Austin S. Camacho’s third novel, Damaged Goods, in his Hannibal Jones series, is not as successful as his debut novel, Collateral Damage, but is much better than The Troubleshooter.
Millionaire Benjamin Blair hires PI troubleshooter Hannibal Jones to find the psychopath who seduced his Black maid Anita Cooper and stole from her a formula worth millions of dollars that her pharmaceutical chemist father left her. Although Benjamin is generous toward his maid, he also wants the formula for his company.
Vernon Cooper, a Black pharmaceutical chemical genius, came up with a formula for curing addictions but kept it from his employer, a large pharmaceutical company. While serving time in prison for a hit and run accident, he meets Roderick Mantooth to whom he reveals the existence of the formula and the fact he left it with his daughter.

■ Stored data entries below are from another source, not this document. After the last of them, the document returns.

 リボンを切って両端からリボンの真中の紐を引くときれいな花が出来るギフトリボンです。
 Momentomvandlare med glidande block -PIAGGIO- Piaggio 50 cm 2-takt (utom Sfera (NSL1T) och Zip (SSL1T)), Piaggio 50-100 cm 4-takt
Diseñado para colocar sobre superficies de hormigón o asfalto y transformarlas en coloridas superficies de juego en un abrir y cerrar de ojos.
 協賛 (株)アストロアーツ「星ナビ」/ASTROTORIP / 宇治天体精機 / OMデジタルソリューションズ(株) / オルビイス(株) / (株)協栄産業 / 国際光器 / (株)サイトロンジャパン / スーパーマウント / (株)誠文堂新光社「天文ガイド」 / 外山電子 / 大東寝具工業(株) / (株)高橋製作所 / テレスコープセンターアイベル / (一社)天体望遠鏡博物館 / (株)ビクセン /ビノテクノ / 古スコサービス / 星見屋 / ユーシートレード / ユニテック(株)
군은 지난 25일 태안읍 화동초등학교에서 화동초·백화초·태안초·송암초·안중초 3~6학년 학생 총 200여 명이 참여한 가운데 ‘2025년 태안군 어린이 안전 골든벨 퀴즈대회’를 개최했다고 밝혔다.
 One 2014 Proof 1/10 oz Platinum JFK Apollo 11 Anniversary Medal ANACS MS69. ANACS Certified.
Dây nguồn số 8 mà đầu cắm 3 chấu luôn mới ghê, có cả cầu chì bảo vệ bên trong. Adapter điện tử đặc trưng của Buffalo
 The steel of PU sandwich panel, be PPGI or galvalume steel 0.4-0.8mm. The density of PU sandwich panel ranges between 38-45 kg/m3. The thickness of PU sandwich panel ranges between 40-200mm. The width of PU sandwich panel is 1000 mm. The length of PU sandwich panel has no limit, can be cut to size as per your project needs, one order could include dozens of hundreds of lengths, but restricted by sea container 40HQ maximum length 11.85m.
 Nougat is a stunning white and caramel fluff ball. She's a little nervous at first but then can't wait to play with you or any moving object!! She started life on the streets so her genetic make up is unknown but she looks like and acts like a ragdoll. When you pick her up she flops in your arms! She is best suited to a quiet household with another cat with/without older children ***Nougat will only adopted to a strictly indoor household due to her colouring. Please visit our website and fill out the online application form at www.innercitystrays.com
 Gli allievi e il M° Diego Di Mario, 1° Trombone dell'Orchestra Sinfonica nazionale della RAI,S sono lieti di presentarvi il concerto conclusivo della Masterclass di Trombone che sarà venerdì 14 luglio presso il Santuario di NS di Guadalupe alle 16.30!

Rod creates the “damaged goods” of the title, women he seduces using BDSM, (bondage, discipline or domination, submission, masochism) to make them his slaves. The problem Hannibal faces is how to get into Rod’s group to find where he has hidden the formula. The case takes him into the unfamiliar, unsettling, and dangerous world of BDSM. Hannibal as a bad dude into kinky sex games while maintaining his integrity is the force driving the plot toward an unexpected and disappointing conclusion.
I enjoyed the humor of Hannibal posing as a bad dude into BDSM, and his attempt to make a rap CD to impress his young teenage friend Monty, the grandson of Mother Washington, the matriarch of the neighborhood where they live. He wants to save Monty from a life on the mean streets of Washington DC.

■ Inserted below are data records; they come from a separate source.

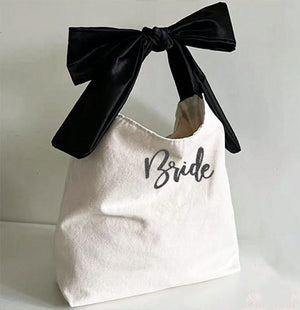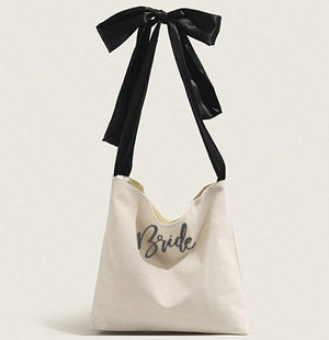 This handbag is big enough for the bride to carry party necessities! The handbag says BRIDE in black plus tie the black straps to her liking. While there are no pockets, nor does it close the handbag works perfectly for carrying essentials!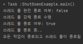 - ExecutorService는 작업 제출부터 작업 실행, 작업 완료, 쓰레드 풀 종료, 자원 회수까지의 과정을 포함하는 라이프 사이클을 가지고 있음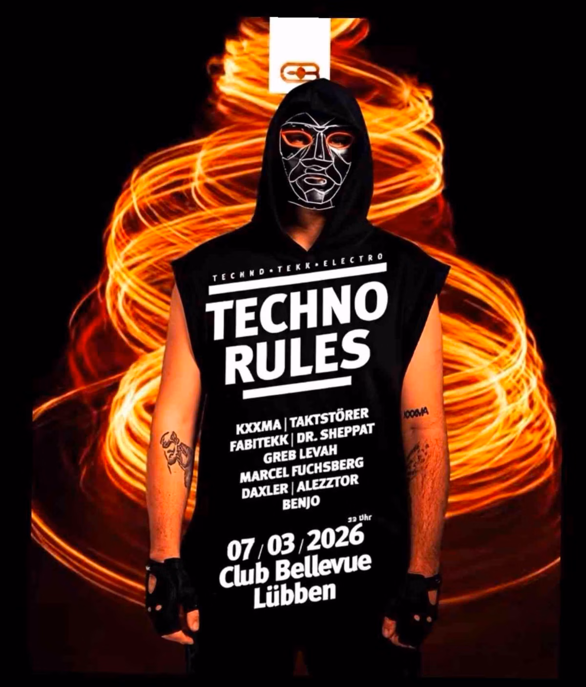 Prepare for an electrifying night as TECHNO RULES takes over Club Bellevue in Lübben! On March 7, 2026, starting at 22:00, immerse yourself in the driving beats of techno, tekk, and electro. This 18+ event promises an unforgettable experience for all electronic music enthusiasts.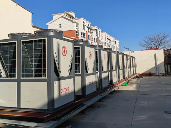 2022年11月,河北省泊头市一小区启动了集中供暖改造项目,弃用燃气锅炉供暖系统,采用了20台60HP的中广欧特斯商用热泵空调(超低温两联供机组)为采暖源,打造了一套绿色低碳、高效节能的热泵供暖解决方案,为7万多㎡供暖面积的社区提供采暖服务,有效缓解了居民冬季供暖费用高的压力,让600多户居民迎来了高性价比的冬季“暖生活”。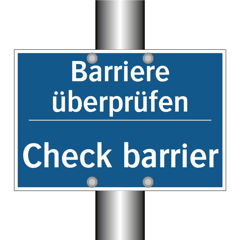 Zweisprachiges Verbotsschild mit deutschem Text Barriere überprüfen und englischem Text Check barrier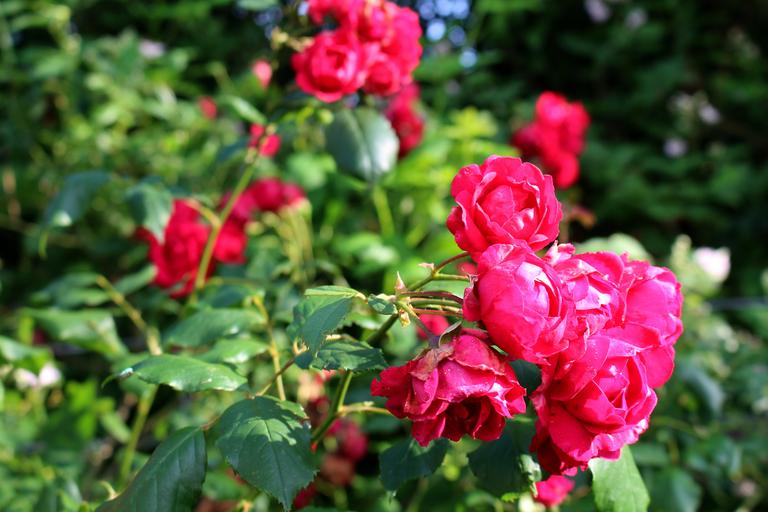 Keywords: roses pink blossom bloom flowers rose bloom heck roses nature rose family rose blooms red spiny green summer leaves plant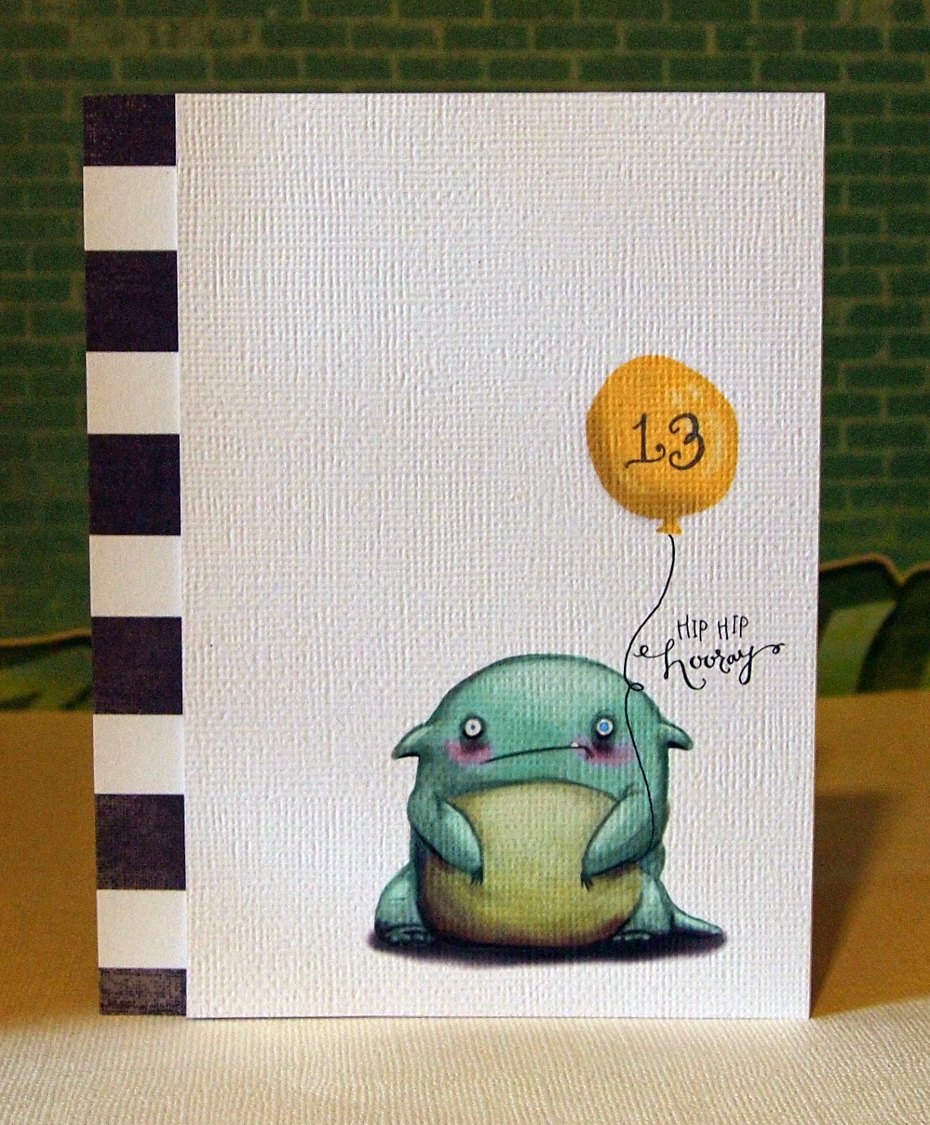 A one layer card - Jase drew the little animal for me and and I added the balloon and text in PS.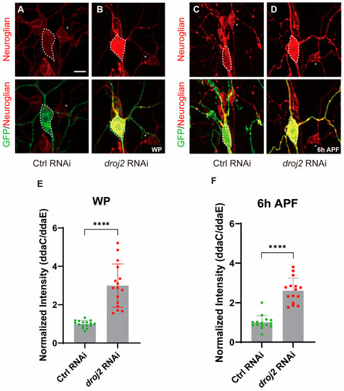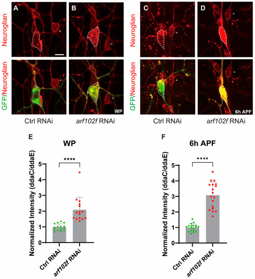 As Arf102F has been suggested to control the vesicle budding and uncoating of the Golgi apparatus, we, therefore, wanted to know whether Droj2 and Arf102F are involved in the protein redistribution of Neuroglian. Firstly, in an attempt to determine Neuroglian distribution in Arf102F-attenuated neurons, we expressed RNAi via ppk-Gal4 to knock down Arf102F in C4da neurons. Intriguingly, we observed a 2.1-fold enhancement in Neuroglian levels, as detected by the BP104 antibody, when compared to the wild-type in the WP phase (Figure 5A,B,E). More strikingly, the protein level of Neuroglian was increased by over threefold in arf102f RNAi neurons at 6 h APF (Figure 5C,D,F). Next, we interrogated whether Droj2 also contributes to maintaining normal Neuroglian levels in C4da neurons during the development of Drosophila. At the WP stage, we isolated Droj2, which, when compromised by RNAi, led to a drastic augmentation of Neuroglian intensity in C4da neurons in contrast to controls (Figure 6A,B,E). To further verify the role of Droj2 in Neuroglian regulation, we also investigated the distribution of Neuroglian at 6 h APF, and our data showed that the ablation of Droj2 resulted in a remarkable accumulation of Neuroglian in the soma of C4da neurons (Figure 6C,D,F). Subsequently, we asked whether Arf102F works downstream of Droj2 to regulate Neuroglian levels. We overexpressed Arf102F in droj2 RNAi and Droj2 in arf102f RNAi neurons at the WP stage, respectively. Our results showed that Arf102F overexpression can partially rescue the Nrg defect in Droj2 downregulated neurons, whereas induction of Droj2 is unable to ameliorate the Nrg defect in Arf102F downregulated neurons (Figure S6A–D). These data collectively reveal the indispensable role of Droj2 and Arf102F in the developmental downregulation of the neuronal membrane protein Neuroglian at the onset of the pupal stage.

Hannibal has in his pocket an engagement ring and plans to ask girlfriend Cindy to marry him, which makes for pleasant suspense of will he or will he not pop the question. A married hardboiled PI would be a nice departure from tradition.
Although Damaged Goods is a routine crime story with no surprises (the ending ,though unexpected, isn’t a surprise), it is still an exciting novel with plenty of the usual fisticuffs and gunplay characteristic of Camacho’s other novels, and well worth your time if you like the action of watching the hero take down the bad guy as I do.